I'm missing watching Landon and Josee descend the stage. They reach the floor. I am kneeling on the floor directly in front of them. I give Landon a little wave. Landon looks down at me, smiles and nods.  I raise my camera and pretend to take a picture.

And then they're gone.

I don't know why, but I'm always left with this little ache in the back of my throat the night of prom. There is all this flurry of activity helping your son or daughter get ready. You tell them to be safe and have fun. And then they leave. And you stay behind. With your camera filled with blurred images.

I feel better when Paige texts me later that she feels a little sad for some reason too. She remembers her own proms. And now her little brother is at prom, handsome and all grown up.  She just wants to give him a hug.

Landon will be a senior next year. He's our youngest. There will be just one prom and graduation left. I'm not taking any pictures. I'm going to sit back, soak it all in, and just watch.

Amber and Paul
Matt and Paige

P.S. Notice there are no pictures of the grand march. If anyone got one of Landon, let me know.

Monday, April 16, 2012

The luxury of a nervous breakdown

Two years ago I had a meltdown that was a long time coming.  It was on the heels of four years of various trials. Some were the normal stresses that people experience if they live long enough--minor health problems, the challenges of raising teenagers, caring for aging parents. And there was serious stuff too.

Things eventually settled down. When everything should have been good, I went into a funk that wouldn't leave. I had bouts of depression before, but this was the worst. I slogged through every day and, for the life of me, couldn't think of a thing I was looking forward to. I focused on just getting through five minutes at a time. Spiritually I bottomed out. While I once had been passionate about the Lord, I now felt wooden.

What was my problem anyway?  I figured it was a luxury to have a nervous breakdown, feeling guilty that I didn't have anything to be depressed about. Other people suffered real tragedy. All that I was suffering from was a midlife crisis and selfishness.
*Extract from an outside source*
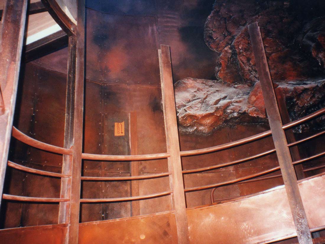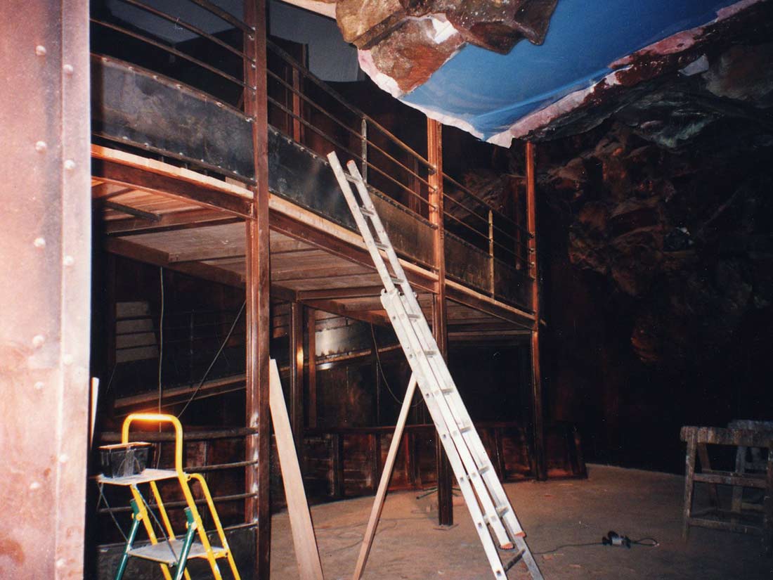 Étude, conception et réalisation d’un décor « Jules Verne ». Mur d’images, espace cabines et caisse centrale, agencement de la façade.

When you're depressed the last thing you want is to be around people. But it's the thing you need most. I credit my friend, Terri, for dragging me out for coffee. She'd make me laugh.  Every day I talked to LaDonna, a friend who lives in Washington, who distracted me from my inward angst. My sister, Vicki, who is younger, took the role of big sister and would check in with me, letting me talk and cry  Friends at church, who didn't know what was going on but just knew I wasn't myself, gave me hugs and encouragement.

Dave, at a loss, would tell me I was going to be okay and stepped up with housework. I felt sorry for Landon, the remaining child at home who was trapped with a mom who was an emotional wreck.  It couldn't have been easy for him.

It was obvious even to to me that I needed medical help. I went to our family doctor and balled and balled. She gave me the depression test. It was no surprise that I scored at the top as severely depressed.  She referred me to Psychiatry. With my first appointment, I was diagnosed correctly and was put on two little pills that prevented me from ending up in a corner, wild eyed and licking my lips.

It took awhile getting off the bipolar express, but eventually my whacked-out brain chemistry evened out. I started feeling better. The turning point was when Amber got engaged. My girls both said, "Mom, now you have something to look forward to."

I stayed busy for the next months helping plan the wedding. The day of the wedding was glorious. It's hard to describe the feelings you have seeing your little girl walking down the aisle on her father's arm. While Paul and Amber took communion, I felt such abundant grace. I had been richly blessed by people who loved me through to the other side of a dark time. Life was good again. I felt joy.

With Terri, who keeps me laughing.
P.S. I think most women have times of depression. Depression can be situational, hormonal, spiritual, or biological. In my case it was a combination of all these. Get help if you have depression that is persistent. You're not alone.

What's helped me kick depression to the curb is blogging, laughing with friends and family, not taking myself too seriously, and exercising regularly. And taking those two terrific little pills every day.